■ WORK TO COMPLETE
Restate word for word the lines below from the one that has "Lot 237 1988 DONRUSS DAVE WINFIELD (HOF)" through the one that has "Quadros impressos em", keeping both and dropping all pictures.

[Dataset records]
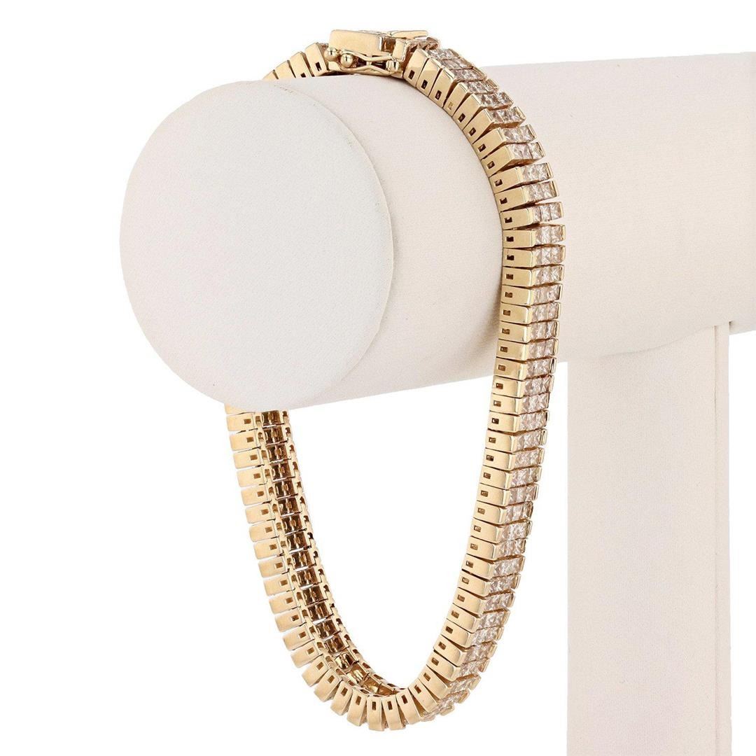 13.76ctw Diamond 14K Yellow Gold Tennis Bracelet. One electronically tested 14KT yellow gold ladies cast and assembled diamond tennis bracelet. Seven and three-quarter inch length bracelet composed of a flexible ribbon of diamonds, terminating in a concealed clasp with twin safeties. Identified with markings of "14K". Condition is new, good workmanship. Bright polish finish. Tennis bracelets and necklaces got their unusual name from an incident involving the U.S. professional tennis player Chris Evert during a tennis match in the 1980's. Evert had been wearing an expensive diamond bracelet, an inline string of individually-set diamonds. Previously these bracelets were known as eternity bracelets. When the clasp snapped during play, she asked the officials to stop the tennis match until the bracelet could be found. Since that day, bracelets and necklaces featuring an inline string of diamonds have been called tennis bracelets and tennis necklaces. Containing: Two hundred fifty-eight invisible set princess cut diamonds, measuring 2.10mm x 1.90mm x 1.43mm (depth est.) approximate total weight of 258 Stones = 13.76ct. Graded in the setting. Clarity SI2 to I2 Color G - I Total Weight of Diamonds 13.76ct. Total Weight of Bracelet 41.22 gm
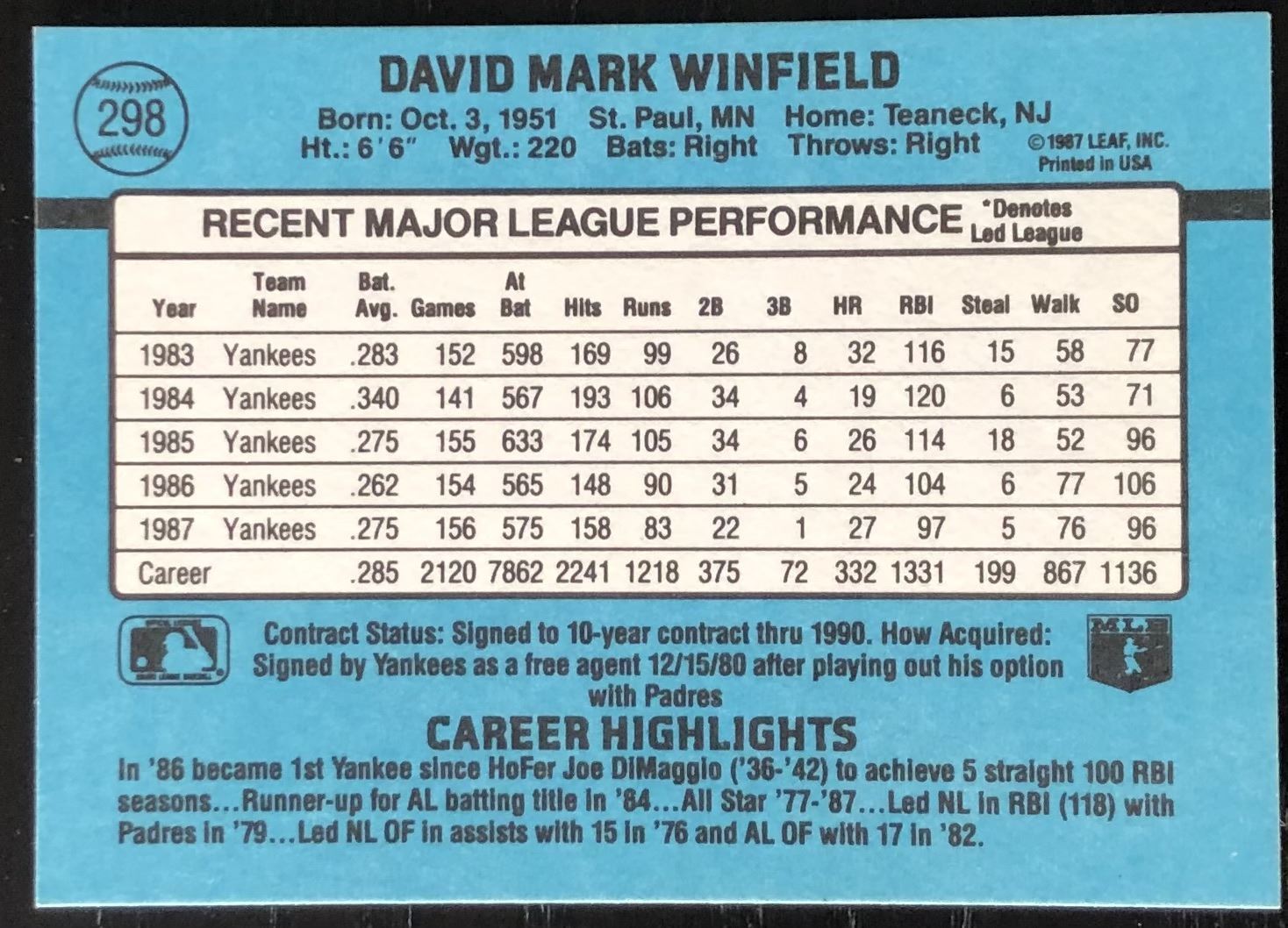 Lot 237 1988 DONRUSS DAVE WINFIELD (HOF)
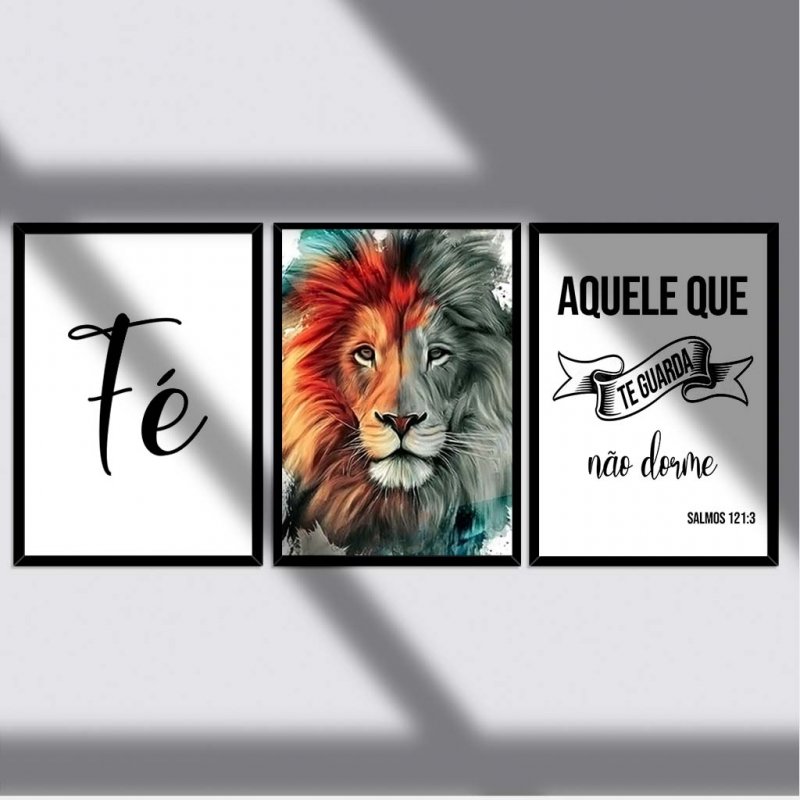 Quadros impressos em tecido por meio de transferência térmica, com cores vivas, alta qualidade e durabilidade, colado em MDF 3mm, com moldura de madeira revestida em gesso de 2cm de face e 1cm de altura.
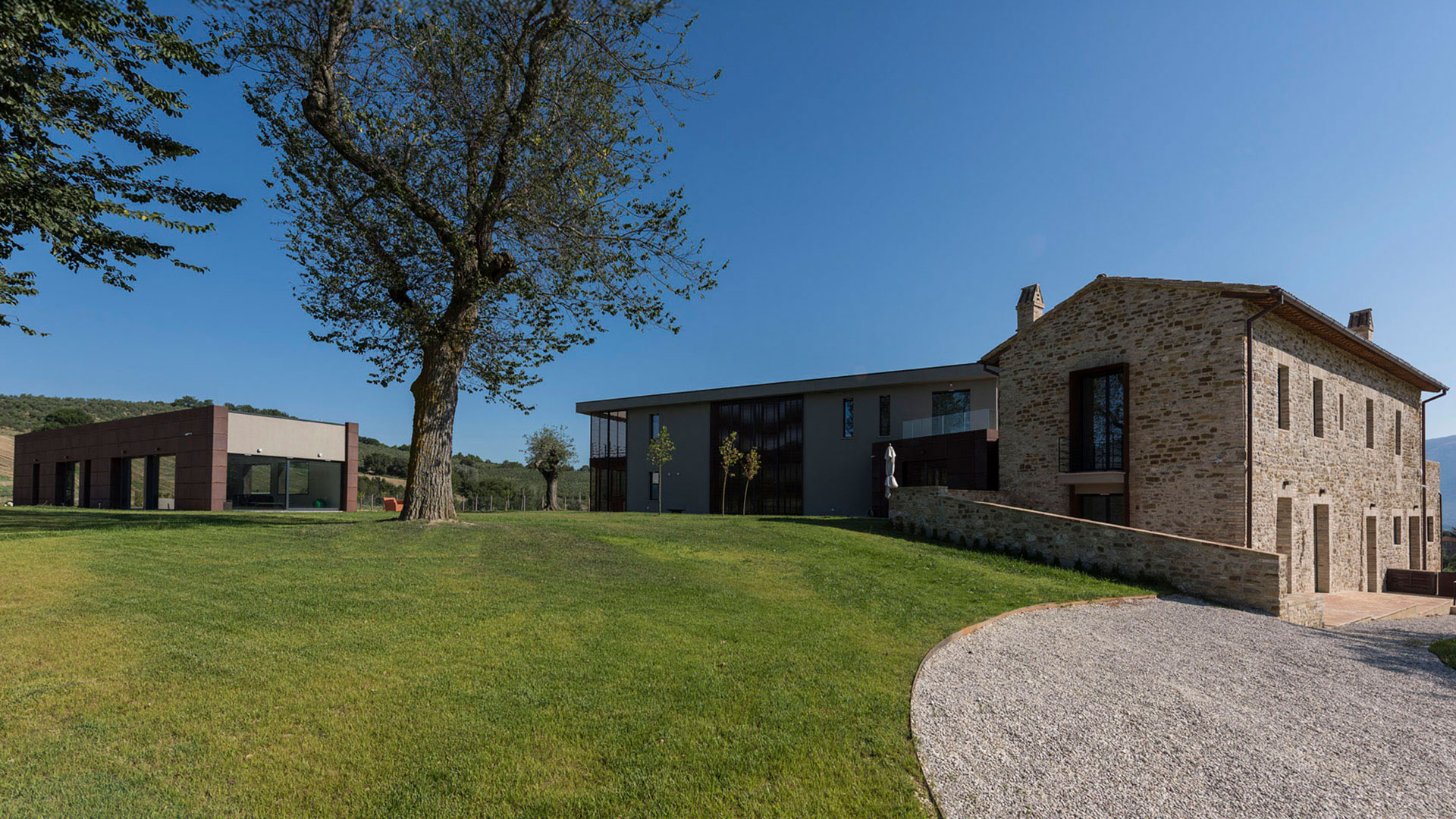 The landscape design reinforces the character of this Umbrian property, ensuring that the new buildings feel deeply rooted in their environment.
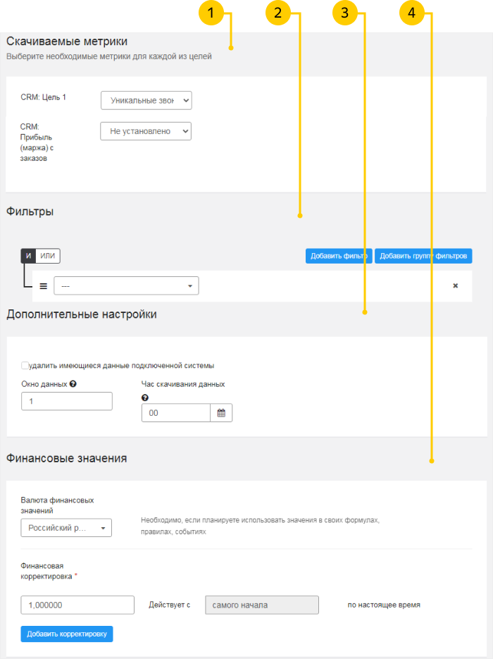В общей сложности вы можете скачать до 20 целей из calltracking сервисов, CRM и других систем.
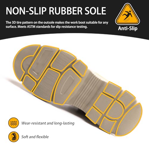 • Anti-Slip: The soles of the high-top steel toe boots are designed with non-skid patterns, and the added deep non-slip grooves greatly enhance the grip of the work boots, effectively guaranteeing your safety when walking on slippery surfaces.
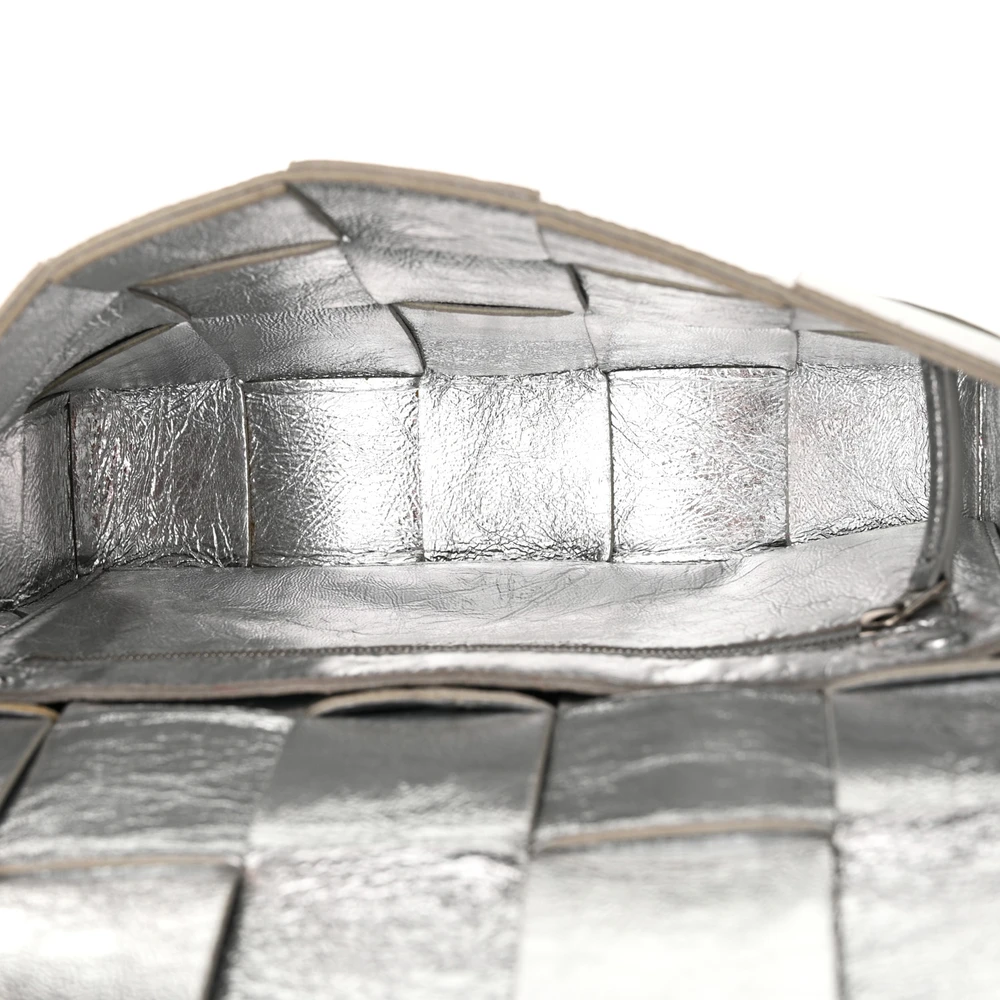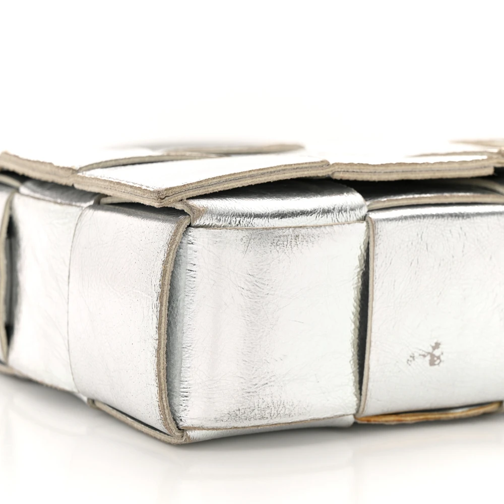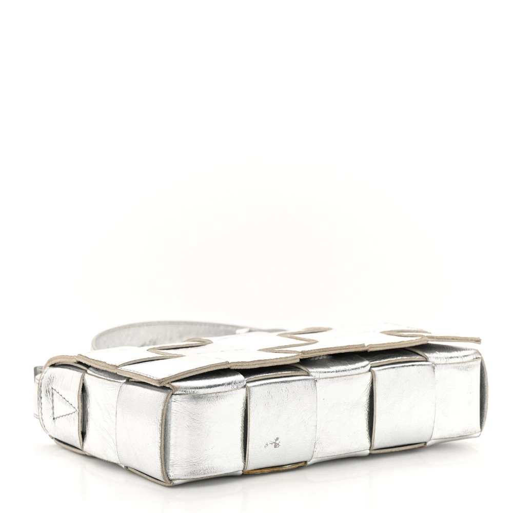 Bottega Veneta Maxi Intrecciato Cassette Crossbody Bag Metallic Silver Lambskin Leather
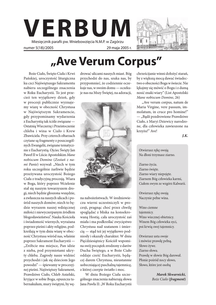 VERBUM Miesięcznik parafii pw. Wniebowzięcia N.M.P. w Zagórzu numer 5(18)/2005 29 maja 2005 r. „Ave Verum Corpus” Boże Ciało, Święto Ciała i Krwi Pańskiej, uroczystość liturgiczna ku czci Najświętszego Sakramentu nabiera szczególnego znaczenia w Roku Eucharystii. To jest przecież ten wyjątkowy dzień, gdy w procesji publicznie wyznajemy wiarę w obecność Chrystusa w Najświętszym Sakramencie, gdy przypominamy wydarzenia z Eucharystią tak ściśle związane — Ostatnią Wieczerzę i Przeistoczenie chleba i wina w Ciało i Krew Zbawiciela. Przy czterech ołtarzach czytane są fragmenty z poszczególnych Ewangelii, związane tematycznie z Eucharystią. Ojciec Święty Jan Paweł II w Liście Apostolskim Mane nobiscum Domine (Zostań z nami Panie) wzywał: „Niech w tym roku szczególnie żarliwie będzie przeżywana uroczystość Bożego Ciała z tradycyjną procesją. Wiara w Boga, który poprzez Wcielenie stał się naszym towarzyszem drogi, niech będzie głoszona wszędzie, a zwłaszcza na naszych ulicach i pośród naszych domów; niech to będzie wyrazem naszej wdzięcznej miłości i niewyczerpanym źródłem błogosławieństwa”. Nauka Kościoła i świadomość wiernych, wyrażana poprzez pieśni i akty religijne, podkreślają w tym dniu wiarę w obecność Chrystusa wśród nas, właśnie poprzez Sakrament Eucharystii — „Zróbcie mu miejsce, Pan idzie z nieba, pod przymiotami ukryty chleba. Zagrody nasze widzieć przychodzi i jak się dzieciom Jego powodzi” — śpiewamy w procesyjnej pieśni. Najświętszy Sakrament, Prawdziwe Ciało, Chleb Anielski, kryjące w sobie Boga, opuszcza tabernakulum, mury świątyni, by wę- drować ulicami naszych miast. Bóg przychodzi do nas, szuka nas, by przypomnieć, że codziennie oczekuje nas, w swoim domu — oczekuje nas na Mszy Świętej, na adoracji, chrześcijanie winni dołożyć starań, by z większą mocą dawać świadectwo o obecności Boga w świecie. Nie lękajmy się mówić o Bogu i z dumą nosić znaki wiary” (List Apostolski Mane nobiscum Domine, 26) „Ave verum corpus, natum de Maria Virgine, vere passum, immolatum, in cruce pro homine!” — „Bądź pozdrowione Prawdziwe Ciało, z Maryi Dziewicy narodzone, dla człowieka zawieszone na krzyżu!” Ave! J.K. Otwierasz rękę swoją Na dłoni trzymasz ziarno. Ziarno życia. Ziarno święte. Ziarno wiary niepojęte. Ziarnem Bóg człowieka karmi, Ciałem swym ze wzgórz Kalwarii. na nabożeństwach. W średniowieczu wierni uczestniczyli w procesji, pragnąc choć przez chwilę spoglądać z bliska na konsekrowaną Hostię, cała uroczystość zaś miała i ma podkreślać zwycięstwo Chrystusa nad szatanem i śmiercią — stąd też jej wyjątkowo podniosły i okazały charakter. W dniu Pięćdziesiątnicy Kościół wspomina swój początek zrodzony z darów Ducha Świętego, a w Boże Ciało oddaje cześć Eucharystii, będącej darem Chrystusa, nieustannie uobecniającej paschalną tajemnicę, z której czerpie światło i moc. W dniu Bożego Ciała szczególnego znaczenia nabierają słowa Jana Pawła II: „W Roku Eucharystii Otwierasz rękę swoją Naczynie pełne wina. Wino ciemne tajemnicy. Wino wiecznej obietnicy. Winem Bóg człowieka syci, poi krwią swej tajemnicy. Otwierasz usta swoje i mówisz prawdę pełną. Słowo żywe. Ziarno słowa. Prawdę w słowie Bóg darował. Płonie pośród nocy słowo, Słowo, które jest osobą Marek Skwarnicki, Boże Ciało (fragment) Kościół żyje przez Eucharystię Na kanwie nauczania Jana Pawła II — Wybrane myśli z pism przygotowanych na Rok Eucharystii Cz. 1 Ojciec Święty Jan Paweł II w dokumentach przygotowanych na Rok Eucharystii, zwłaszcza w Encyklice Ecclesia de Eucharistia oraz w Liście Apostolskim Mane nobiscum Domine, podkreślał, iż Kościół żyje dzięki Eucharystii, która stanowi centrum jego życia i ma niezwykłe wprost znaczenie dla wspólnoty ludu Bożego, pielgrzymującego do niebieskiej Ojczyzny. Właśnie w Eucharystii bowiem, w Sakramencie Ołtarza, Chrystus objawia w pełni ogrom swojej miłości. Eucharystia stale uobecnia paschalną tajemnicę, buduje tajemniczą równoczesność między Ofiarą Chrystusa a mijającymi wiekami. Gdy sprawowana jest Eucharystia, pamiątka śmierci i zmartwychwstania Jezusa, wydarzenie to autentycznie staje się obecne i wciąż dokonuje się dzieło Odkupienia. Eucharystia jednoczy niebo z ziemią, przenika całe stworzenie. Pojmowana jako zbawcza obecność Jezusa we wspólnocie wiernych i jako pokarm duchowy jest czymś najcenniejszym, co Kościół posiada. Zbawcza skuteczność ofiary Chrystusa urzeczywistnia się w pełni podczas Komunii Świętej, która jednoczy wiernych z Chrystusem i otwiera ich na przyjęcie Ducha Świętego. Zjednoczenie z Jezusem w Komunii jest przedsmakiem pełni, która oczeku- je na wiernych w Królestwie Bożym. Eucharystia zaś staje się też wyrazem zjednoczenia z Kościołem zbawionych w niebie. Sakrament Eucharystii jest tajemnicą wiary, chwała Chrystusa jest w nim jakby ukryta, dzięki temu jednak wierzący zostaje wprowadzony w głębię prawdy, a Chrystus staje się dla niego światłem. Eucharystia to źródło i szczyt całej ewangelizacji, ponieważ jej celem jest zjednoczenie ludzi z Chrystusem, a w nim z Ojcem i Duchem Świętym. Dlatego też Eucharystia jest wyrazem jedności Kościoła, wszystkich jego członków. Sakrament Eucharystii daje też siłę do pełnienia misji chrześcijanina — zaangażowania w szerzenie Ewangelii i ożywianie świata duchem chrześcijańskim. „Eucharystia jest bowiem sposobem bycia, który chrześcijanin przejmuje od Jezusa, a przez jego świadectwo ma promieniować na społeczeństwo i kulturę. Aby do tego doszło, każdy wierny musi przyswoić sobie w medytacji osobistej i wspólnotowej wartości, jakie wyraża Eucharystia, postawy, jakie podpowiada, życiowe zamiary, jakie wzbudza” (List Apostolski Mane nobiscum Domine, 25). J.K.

■ RESPONSE TO THIS TASK
 Lot 237 1988 DONRUSS DAVE WINFIELD (HOF)
 Quadros impressos em tecido por meio de transferência térmica, com cores vivas, alta qualidade e durabilidade, colado em MDF 3mm, com moldura de madeira revestida em gesso de 2cm de face e 1cm de altura.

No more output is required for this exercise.